Apropos of nothing, I was listening to a podcast today which made the (obvious, but important) point that the Palestinians have been using the language of colonization to describe their struggle for the last 50 years. That argument presupposes that if you can make things miserable enough for the colonial power, they will eventually give up and go home. The argument ignores, however, the reality that the Israelis – even if they were colonizers 75 years ago – literally don’t have anywhere to go back to. So the strategy of “make life miserable and they’ll leave” is fundamentally misplaced vis-a-vis the Israelis. It’s also fundamentally misplaced vis-a-vis the Palestinians, who have worn out whatever welcome they might have had from the surrounding nations over the last 70 years by promoting coups (Jordan), fostering civil war (Lebanon), and promoting instability (Egypt).

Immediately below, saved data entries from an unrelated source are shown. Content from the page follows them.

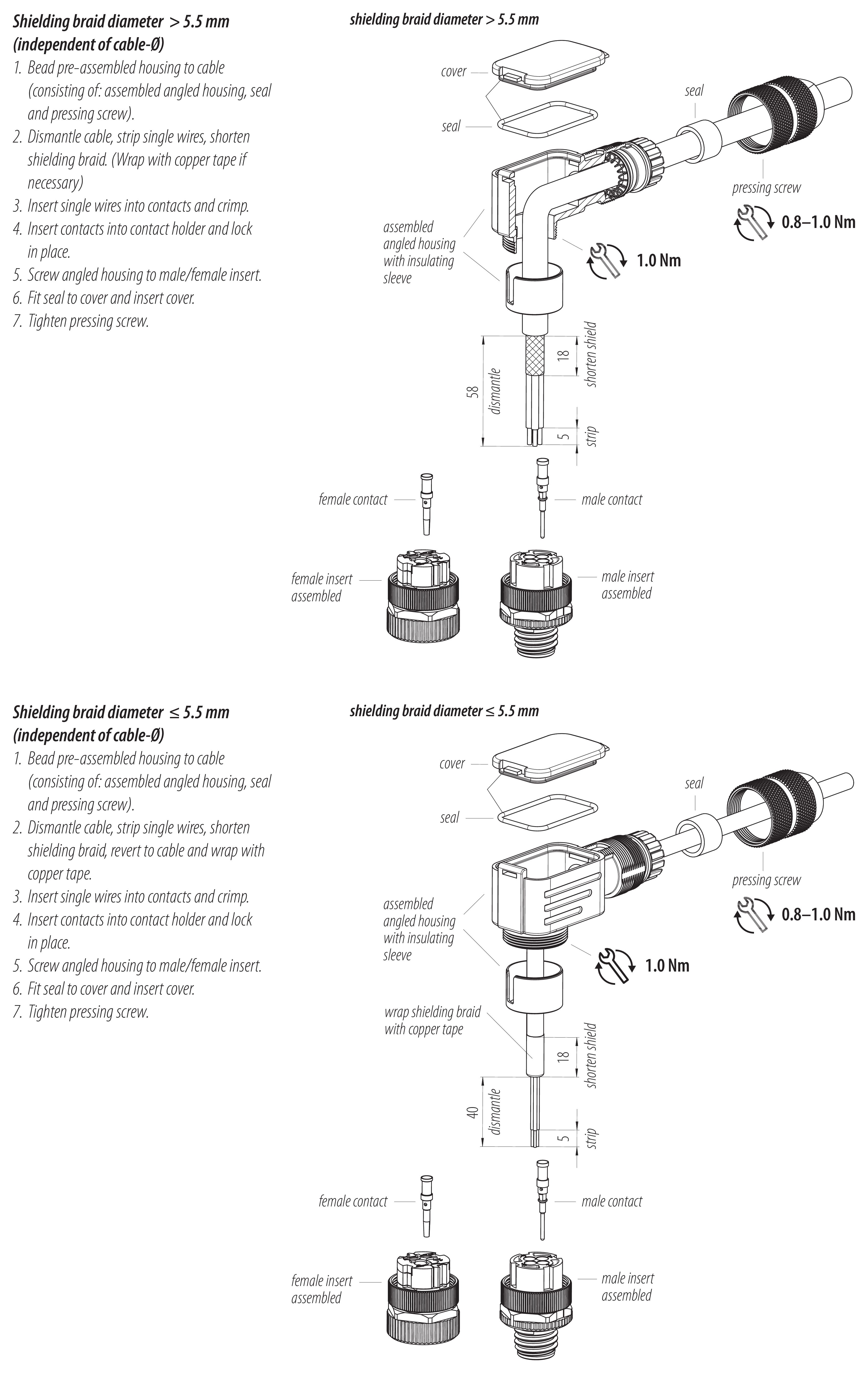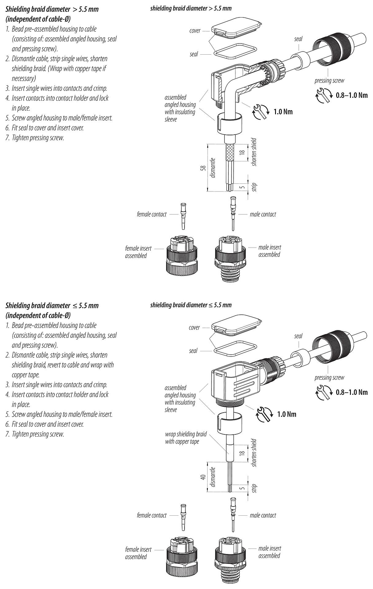- 为防止意外打开连接器,当使用在有触碰危险的电压的电路中时,必须用合适的氰基丙烯酸酯粘合剂将外壳和连接器头之间的螺纹固定。这不适用于符合IEC 61140 (EN 61140, VDE 0140-1)的SELV和PELV电路中使用的连接器。
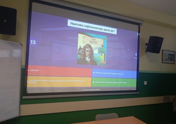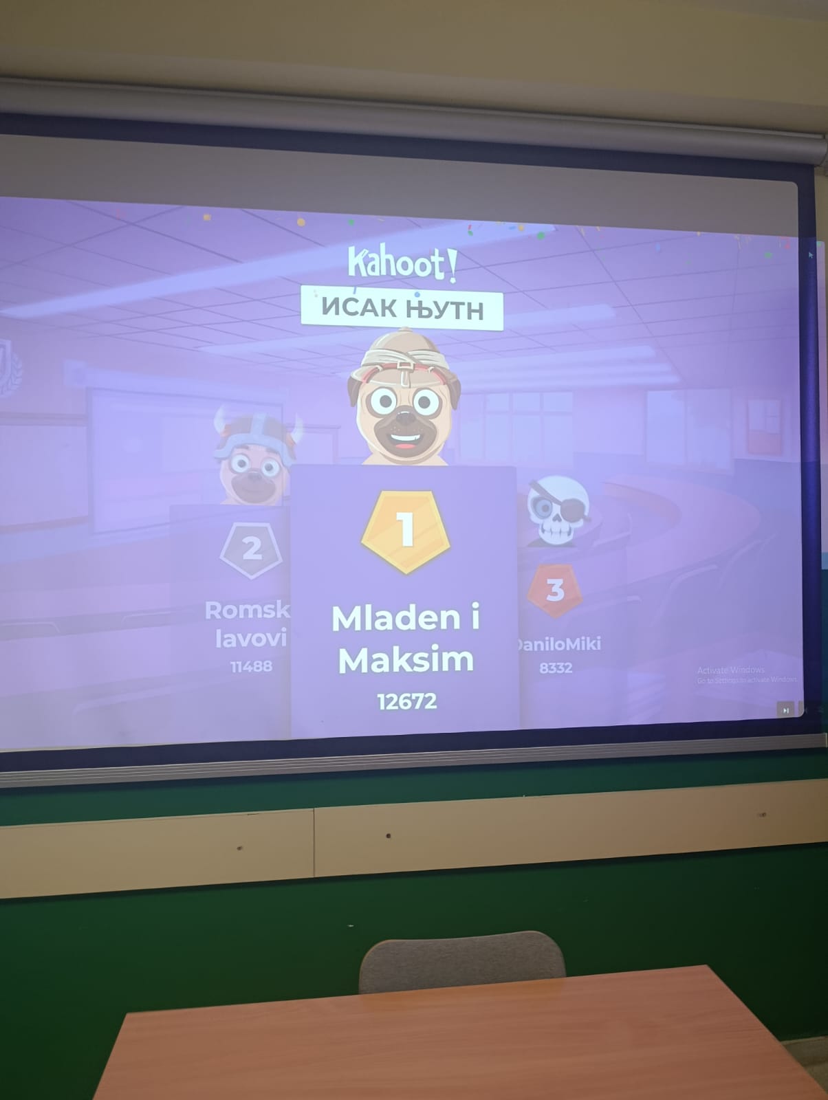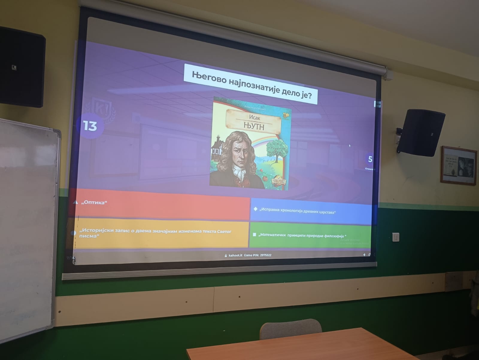 У оквиру програма, ученици старијих разреда су гледали презентацију о Исаку Њутну и разговарали о његовим открићима. Након тога су учествовали у квизу Kahoot, где су показали своје знање, брзину размишљања и такмичарски дух.
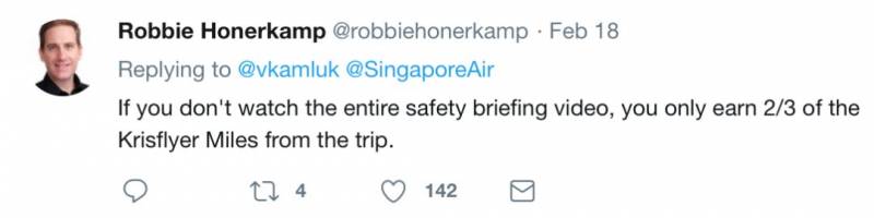 一旦机组人员发现你没看完,你就只能得到三分之二的Krisflyer里数(新航推出的一项活动,乘坐新航飞机可获得一定里数,用来之后兑换机票或升舱)。
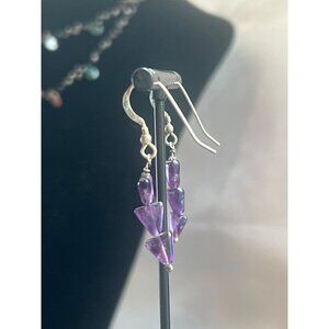 Authentic Amethyst Silver Pierced Earrings Handmade Purple Dangle Casual Everyda
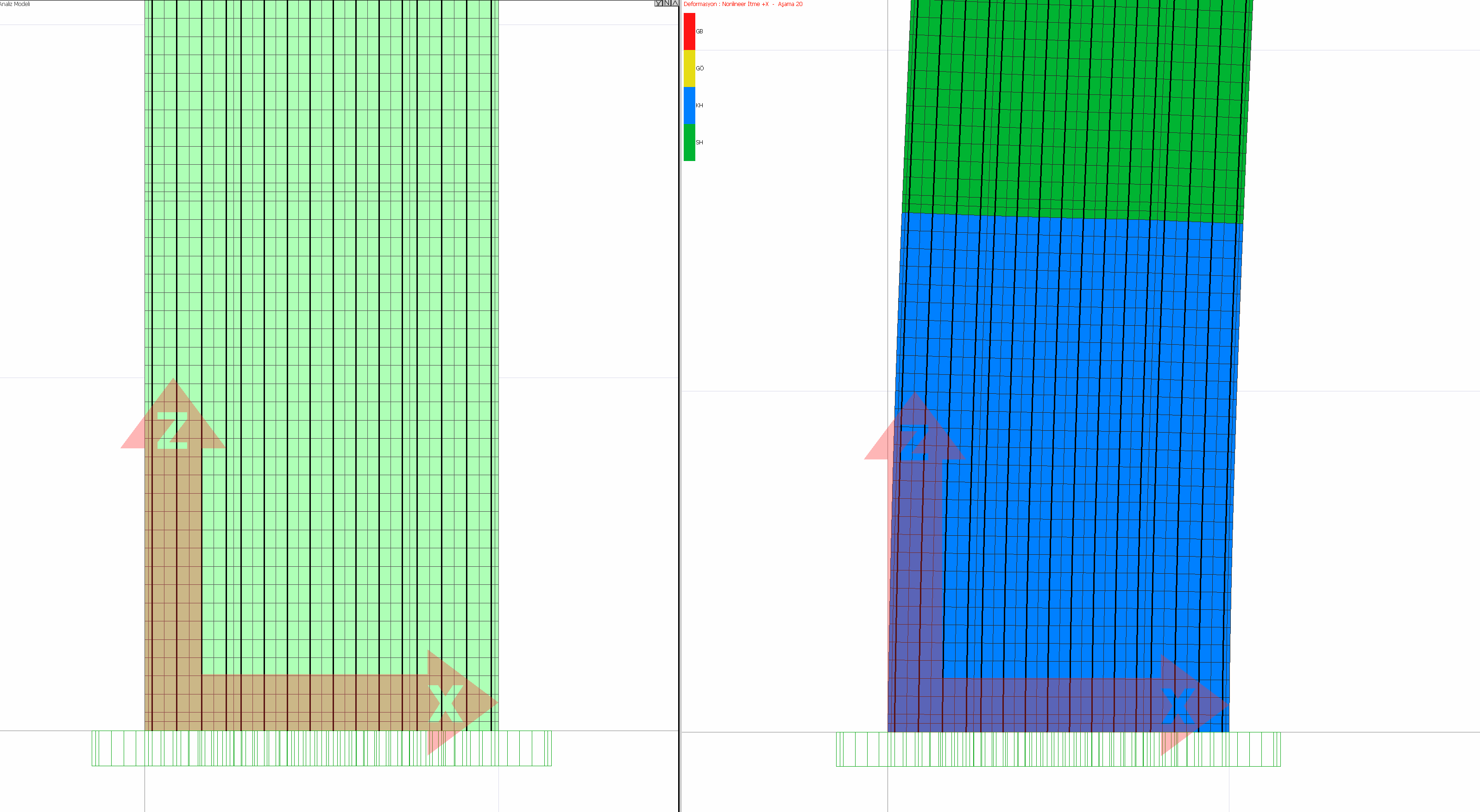Concrete and reinforcement material are defined according to the material models specified in TBDY ANNEX 5A. Concrete material model is modeled with nonlinear shell finite elements. A confined concrete model is used in the header area of the curtains and an uncovered concrete model is used in the body area. The reinforcement material model is created in harmony with two dimensional finite elements.

They’re just stuck with each other, and neither government seems to have any sort of solution shy of extermination.

Some of them Yemeni chicks got nice houthis

This is my view.

Imagine mobsters do something horrible and you know about it. They know where you and your family live. You have no weapons. There are no police (or they’re also the police). What do you do when someone asks you about Horrible Thing? You say whatever the mobsters want you to say about it.

Hell, people do this in a world where they can be armed and call the FBI and actually expect a response.

Also this. Statistically very few people saw anything.

This seems an accurate view. Certainly some people knew something was up, but I also don’t expect anyone who loves their family to say shit about it.

Cutting off the supplies of a hospital for long periods is always going to end up with people asking questions, especially when people died.

I see a lot of people, here and online, talk about Hamas and their hostage taking/human shield stuff and usually it’s a matter of “well you can’t do nothing,” which I agree with. But also, you can’t just kill the hostages. Like let’s say a deranged gunman shoots up a bakery, flees and barricades himself in your home. The expectation is that the cops are going to try to arrest or kill him and try to do it in a way that doesn’t also kill you. If they say, run a hose to the house and fill it with Carbon Monoxide, people are going to, rightfully imo, be more than a little upset. Now if they attempt a breach and the gunman shoots you? A lot less upset. If they blow up your house with you inside because “well he’s just gonna kill more people if he gets away anyway,” I’d imagine those cops would be in a cell someplace talking to their lawyers.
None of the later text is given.